The framework was designed with the goal of making it as separate (ie encapsulated) as possible from all other classes. By leveraging existing code as much as possible and keeping implementation details hidden from the user, it ensures that the framework will maintain compatibility as the code base evolves, as well as keeping each task focused on its particular task.

The implementation details for a variety of classes are as follows:

### AliEmcalContainer

AliEmcalContainer::SetArray() checks whether the container is embedded and automatically selects the proper event. Thus, this works seamlessly for the user. Plus, since it is in the base class, it will work for all derived classes - nothing additional code is required.

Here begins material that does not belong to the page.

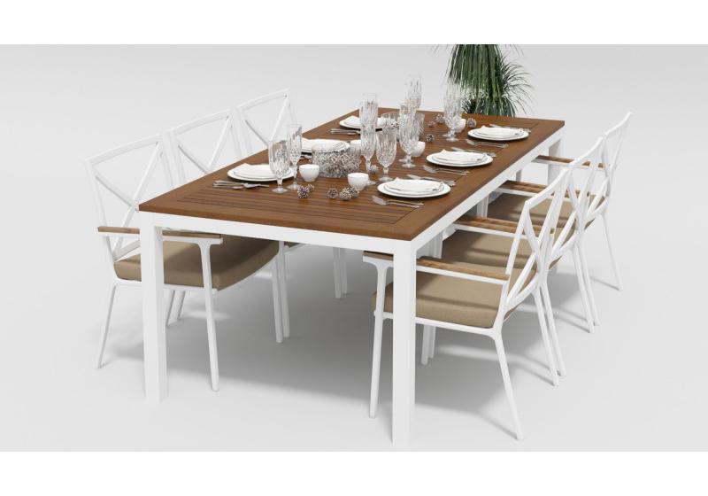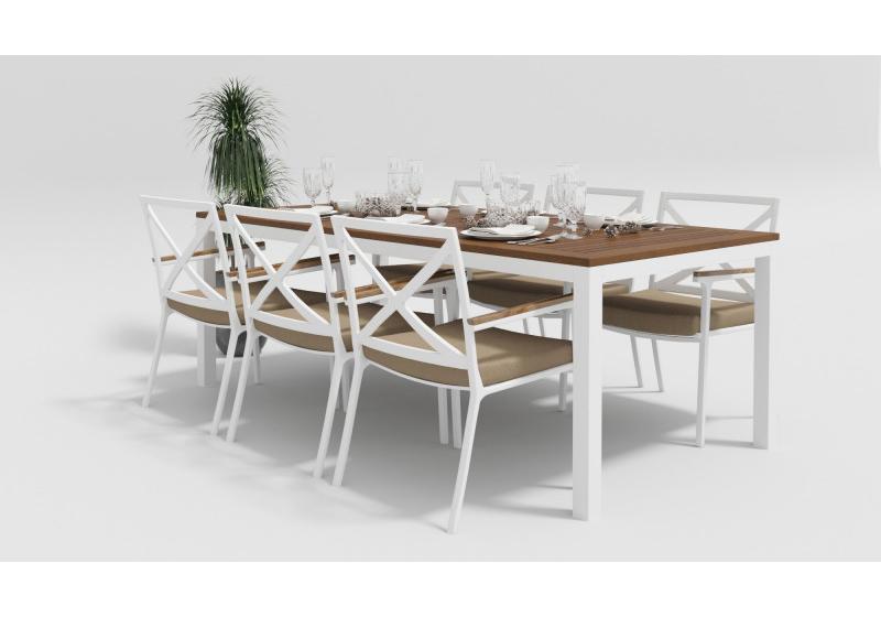 Цвет: каркас белый / подушки бежевые / столешница тик

### AliEmcalContainerIndexMap

AliEmcalContainerIndexMap is an important class that manages the mapping between all of the input object arrays and the indices that are often stored in classes to identify other input objects. Effectively, it can map from a local index in each array to a global index. For an instance in which this matters, the cluster-track matcher stores the track index number in the cluster and the cluster index number in the track under certain configurations. Without this mapping, it would be impossible to know which input object array the index belongs. Note that although this map is used internally, it should be transparent to most uses. If they only add one TClonesArray of a particular input object type, it will never be apparent that it is used (ie indices will just look as normal).

As a concrete example, consider two input arrays, A and B. A has 200 entries and B has 150 entires. Since the size of the arrays can change between events and we need a consistent mapping for A and B, a large offset is required selected between the two arrays. For example, 100000. Thus, the third element in array A is index 2, while the third element in array B is index 100002. Then, when 100002 is given to AliEmcalContainerIndexMap, it will automatically return the third element in array B.

Note that this mapping can be between TCloensArrays and indices or AliEmcalContainer derived classes and indices. AliClusterContainer and AliParticleContainer automatically store the mapping between accessed TClonesArrays and indices. These mappings can be copied and automatically adapted to AliEmcalContainer derived classes for use in another class by calling AliEmcalContainerMap::CopyMappingFrom().

Additional information is available in the class documentation (AliEmcalContainerIndexMap).

## Appendix

Development of this framework was documented in a JIRA ticket.